The National Farmers’ Union is urging MPs to ask how the government intends to honour its pledge to protect British farming’s high standards as the Trade Bill begins its passage in the House of Commons today (May 20).
The NFU is also continuing to press the importance of a Trade, Food and Farming Standards Commission – a body which would review policy and develop solutions to promote free trade while holding all food imports to the UK’s high food standards.
The call comes after the Agriculture Bill was passed into the House of Lords unamended last week, despite widespread support from the farming industry, environmental and animal welfare NGOs and MPs for changes that would ensure food imports in any future trade deals meet the same high production standards that are legally required of UK farmers.
NFU president Minette Batters said: “As the Trade Bill is debated for the first time in the House of Commons today, I ask MPs to consider one thing – where do they see the UK on the global stage?
“For food and farming, we have the potential to be at the very top. But we need a trade policy that safeguards our farmers and British food production from the damaging impact of importing food that would be illegal to produce here.
“Failure to do this would undermine our values of animal welfare, environmental protection and food safety – all of which are incredibly important to the public.

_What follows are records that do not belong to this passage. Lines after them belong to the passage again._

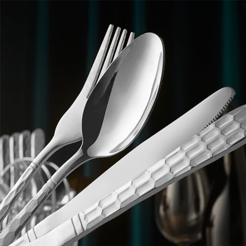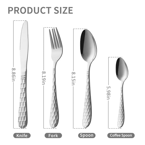 Hammered Silverware Set – Beautiful honeycomb faceted handles reflect light and add texture to the tabletop, while the clean curves pair with a variety of dinnerware. As versatile as they are beautiful, the substantial, well-balanced utensils bring brilliant style to everyday meals and special occasions.
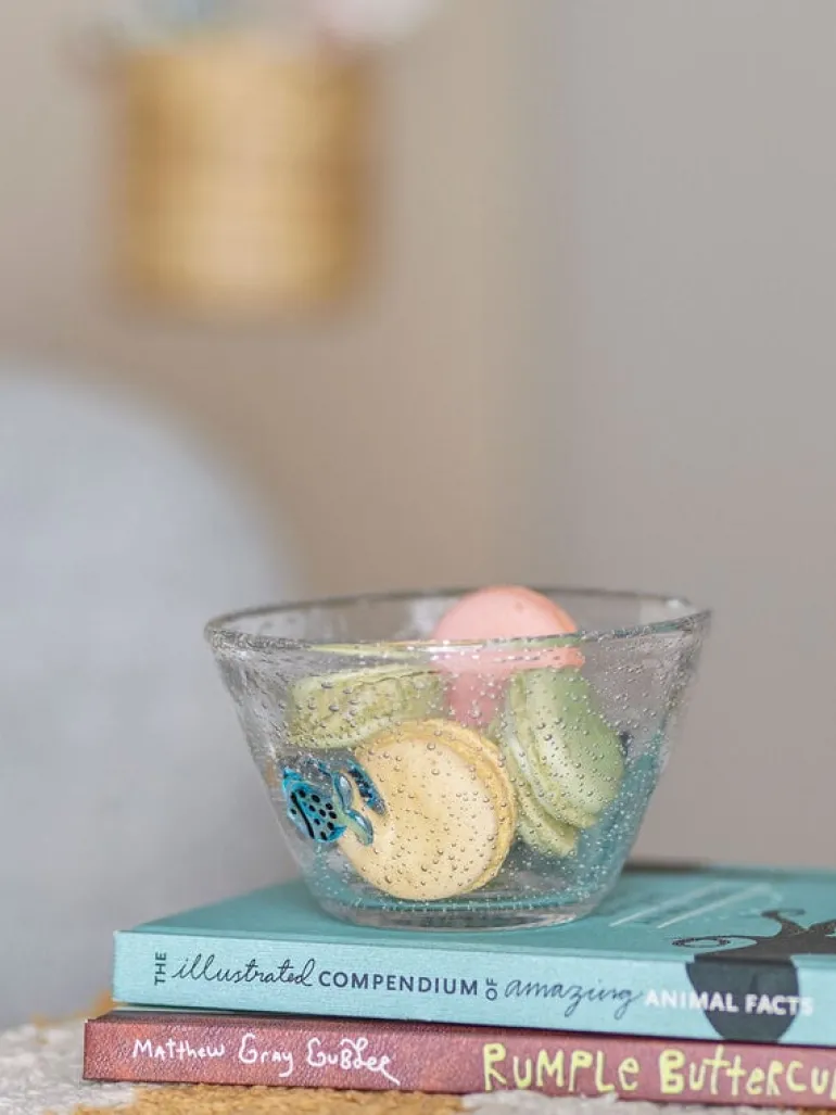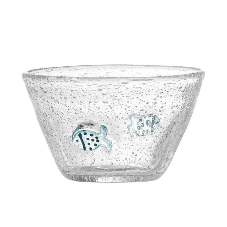 De Bloomingville Mini Finney schaaltjes zijn gemaakt van mondgeblazen glas en versierd met kleine blauwe visjes. Wordt geleverd in een set van 6 stuks. Afmeting 10,5x7cm
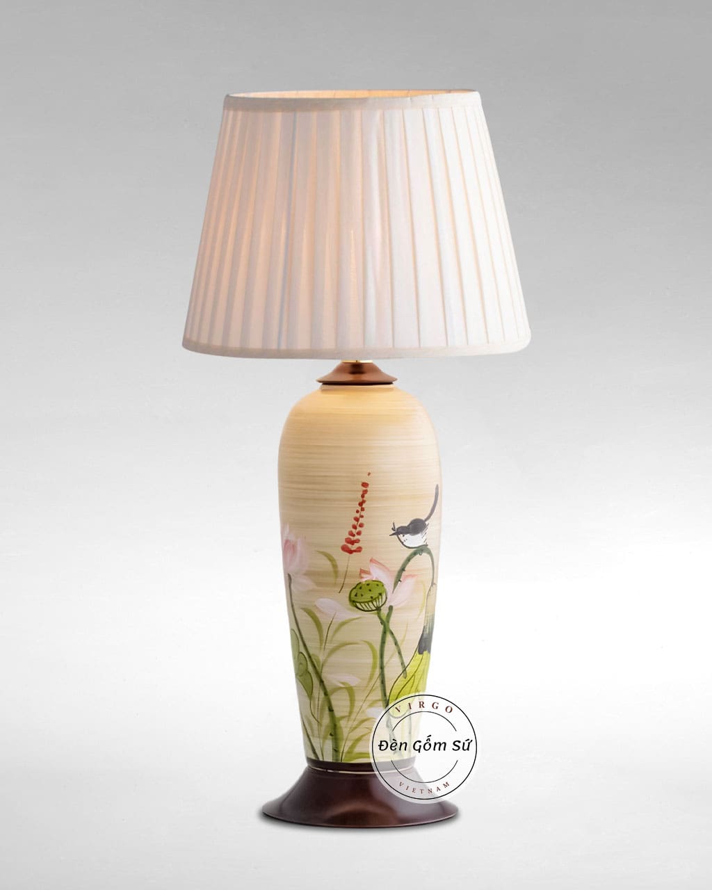 Khung Đèn bàn trang trí, đèn ngủ Gốm sứ Việt Nam Hoa sen TS06 sử dụng vật liệu Gốm, Vải chịu nhiệt, vật liệu vừa mang đến trọng lượng nhẹ, sử dụng an toàn, vừa đảm bảo sự cứng cáp, sử dụng bền lâu. Đèn bàn trang trí, đèn ngủ Gốm sứ Việt Nam Hoa sen TS06 cho khả năng sử dụng bền bỉ, lâu dài.

Last week, we heard MPs say that the standards of imported food were issues for the Trade Bill rather than the Agriculture Bill.

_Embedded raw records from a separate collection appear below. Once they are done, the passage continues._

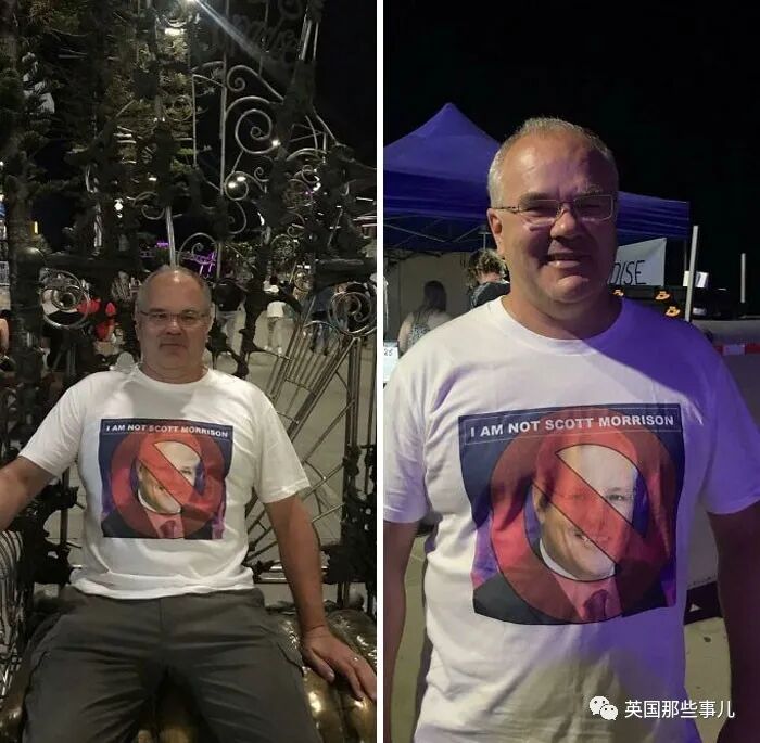为了确保他在澳大利亚旅行时的安全,我姐给他做了这件T恤,上面写着“我不是Scott Morrison”。
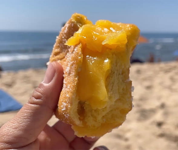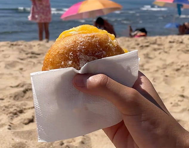 海に入ったあとは体に塩がつき、口の中にも塩気を感じます。その時に食べるボーラ・デ・ベルリンの甘さは、塩気と絶妙なコントラストを生み出し、より強い満足感を与えてくれるのです。しかも、揚げ菓子でありながら生地はふわっと軽く、パサつかないため喉も乾きにくく、砂浜で食べるには理想的。こうして「夏の海辺といえばボーラ・デ・ベルリン」という習慣が根づいていきました。
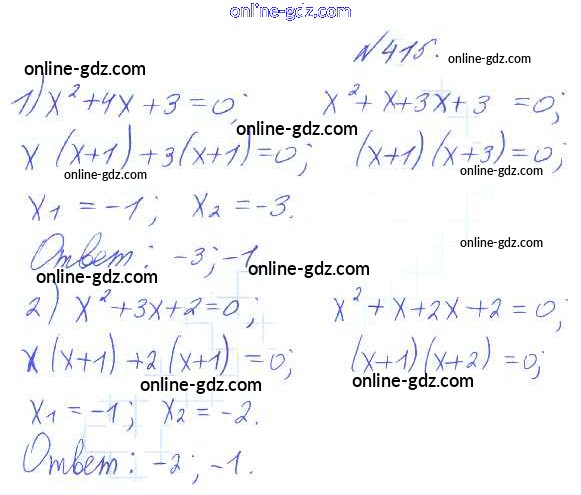 Готовые домашние задания по Алгебре за 8 класс Учебник Алимов, Колягин 2014 - Упражнения 415
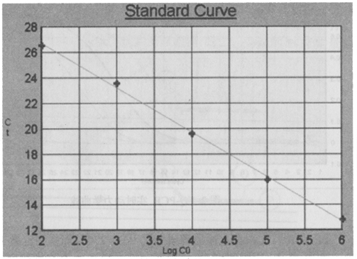 ABI公司首先根據(jù)上述原理研制了ABI 7700 等系列定量PCR儀,在PCR反應(yīng)中設(shè)置標準模板系列(一般5~7個標準濃度)反應(yīng)管和空白對照管。通過實時檢測反應(yīng)管中的熒光信號,計算出RQ+、RQ-、△RQ。RQ+代表樣品管熒光報告基團發(fā)光強度與淬滅基團發(fā)光強度的比率,RQ-代表空白管中二者的比率,△RQ(△RQ = RQ+-RQ-)代表PCR過程中熒光信號變化量。當熒光信號增強到某一閾值(根據(jù)熒光信號基線的平均值和標準差,計算出以99.7%的置信度大于平均值作為閾值)時,標準模板反應(yīng)管所用的循環(huán)次數(shù)(Ct值)就被記錄下來。Ct值與標準模板數(shù)量的對數(shù)值之間有嚴格的線性關(guān)系[3],利用系列標準模板的Ct值,制成標準曲線(圖3),根據(jù)待測樣品的Ct值,就可在標準曲線中確定待測樣品起始的DNA數(shù)量。根據(jù)數(shù)據(jù)處理,即可得出定量結(jié)果。探針設(shè)計一般應(yīng)符合以下條件[2]:①探針長度應(yīng)在20~40個堿基左右,以保證結(jié)合的特異性。②GC堿基含量在40%~60%,避免單核苷酸序列的重復。③避免與引物發(fā)生雜交或重疊。④探針與模板結(jié)合的穩(wěn)定程度要大于引物與模板結(jié)合的穩(wěn)定程度,因此探針的Tm值要比引物的Tm值至少高出5℃。另外,探針的濃度,探針與模板序列的同源性,探針與引物的距離都對實驗結(jié)果有影響。
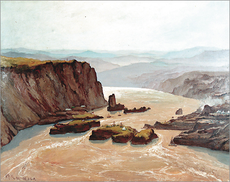 黃河三門峽·中流砥柱(布面油畫) 吳作人
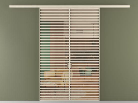 Во всех алюминиевых перегородках, независимо от типа установки, используется компланарный раздвижной механизм, благодаря которому декоративная крышка и полотно находятся в одной плоскости.

“With this in mind, I hope to see it fully addressed today. I would also like to know why the government has not yet established a trade and standards commission.
“It would be an eminently sensible approach aimed at addressing the many complex challenges in ensuring our high production standards are safeguarded within our future trade policy.

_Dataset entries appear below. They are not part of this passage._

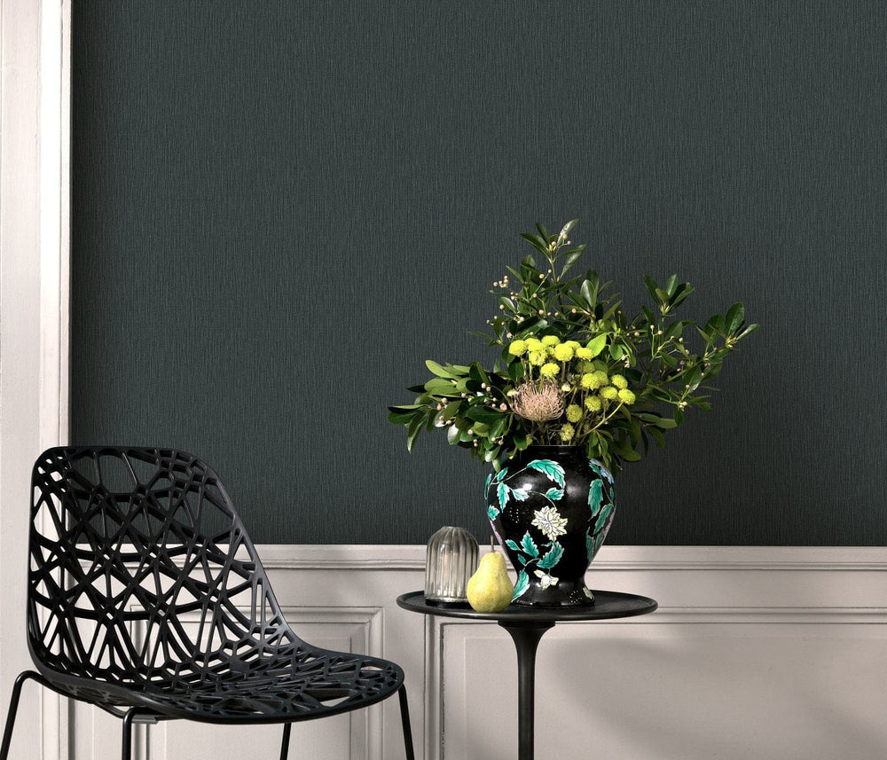 Melnas vienkrāsainas tapetes elegantai guļamistabai, 395663 AS Creation
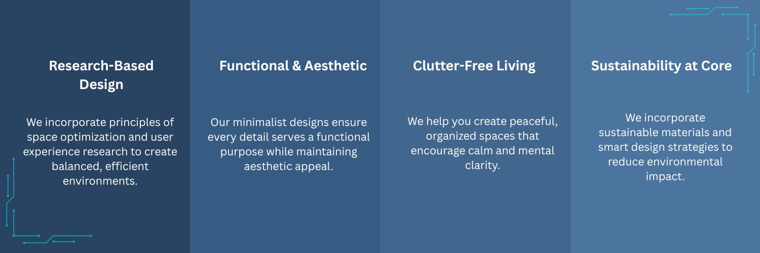 • We focus on essential items, removing excess to create visually and mentally decluttered spaces. Our minimalist designs are rooted in function, promoting balance without compromising style
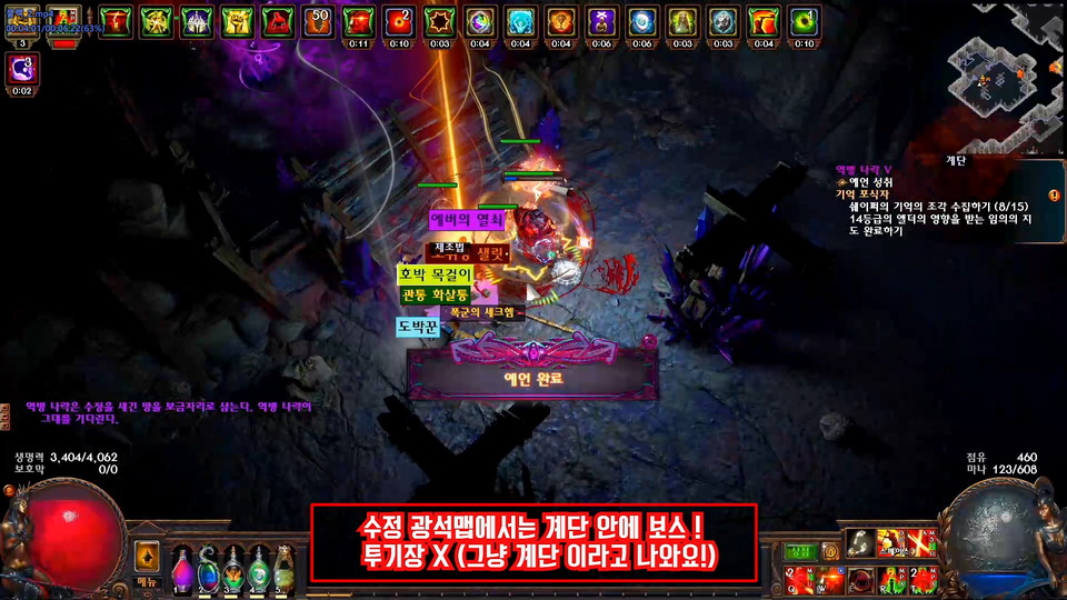 가온데 잡몹(투사체 던지는 애) 쪽에 토템이나 원거리 딜을 넣어주시면 됩니다!
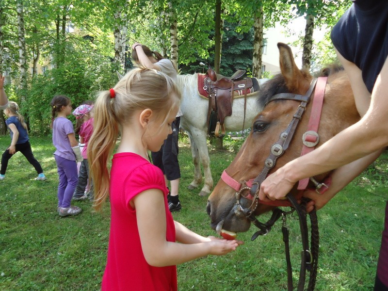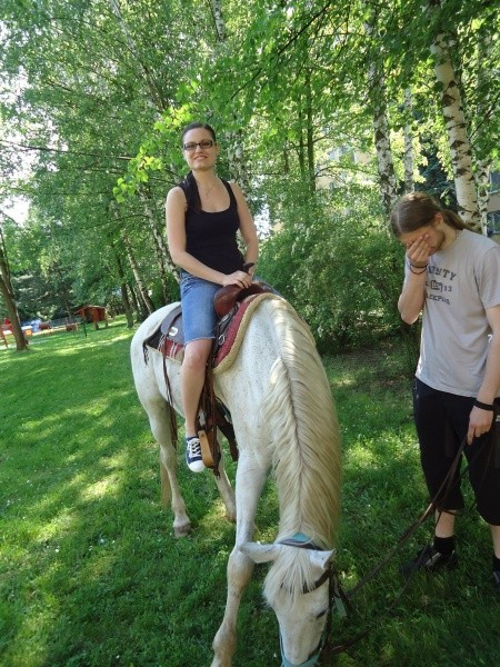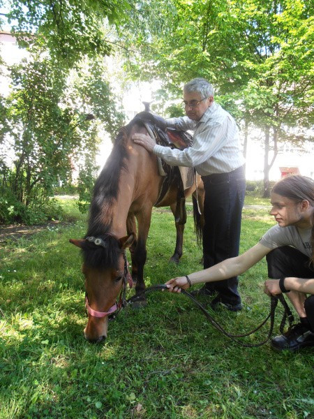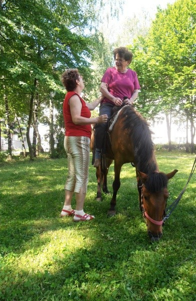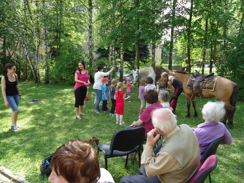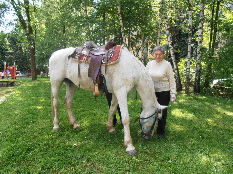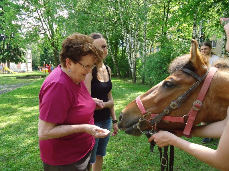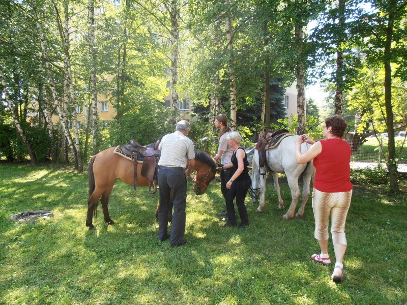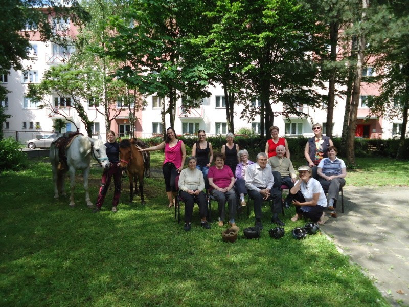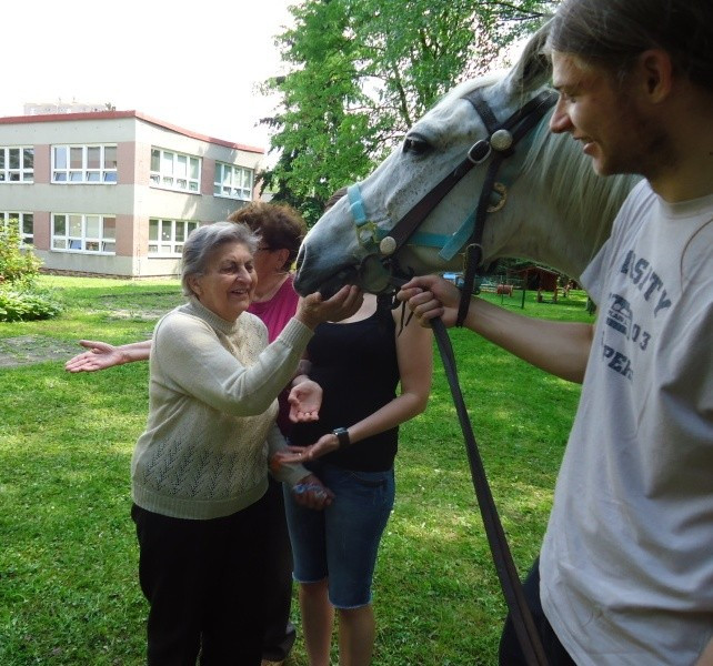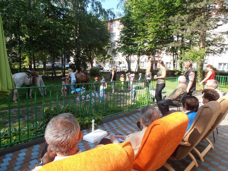 Na 21.5.2014 jsme měli spolu se sousedící mateřskou školkou naplánovanou návštěvu koní. V první části dopoledne se vozily nedočkavé děti, druhá půlka byla určena osazenstvu denního stacionáře. Po celé dopoledne senioři vnímali přítomnost předškoláků, kteří nasedali a sesedali pod verandou a pobíhali v jejich blízkosti. Nejen děti byly odvážné, ale i naši klienti se projeli, koně hladili a na závěr dostali koně za odměnu mrkev, jablko a cukr. Počasí bylo výstavní, nálada uvolněná, pokud bude zájem, sejdeme se opět na podzim.

“Our trade policy must reflect our moral responsibilities to the planet and the people and creatures that live on it – protecting our natural environment, caring for our farmed animals, and working toward a more sustainable, climate-friendly way of farming and food production.
These are issues that cannot be wished away or presumed dealt with by brief pledges in a manifesto or verbal assurances in media interviews.
“So I ask all MPs to speak up for British farming today; ask for a commission that will protect the UK’s food values from sub-standard imports and ask for more parliamentary scrutiny over future trade deals.
“We are at a make or break moment for British farming. We have the chance to become a global leader in climate-friendly farming, and neither farmers nor the public want to see that ambition fall by the wayside because our trade policy does not hold food imports to the same standards as are expected of our own farmers.”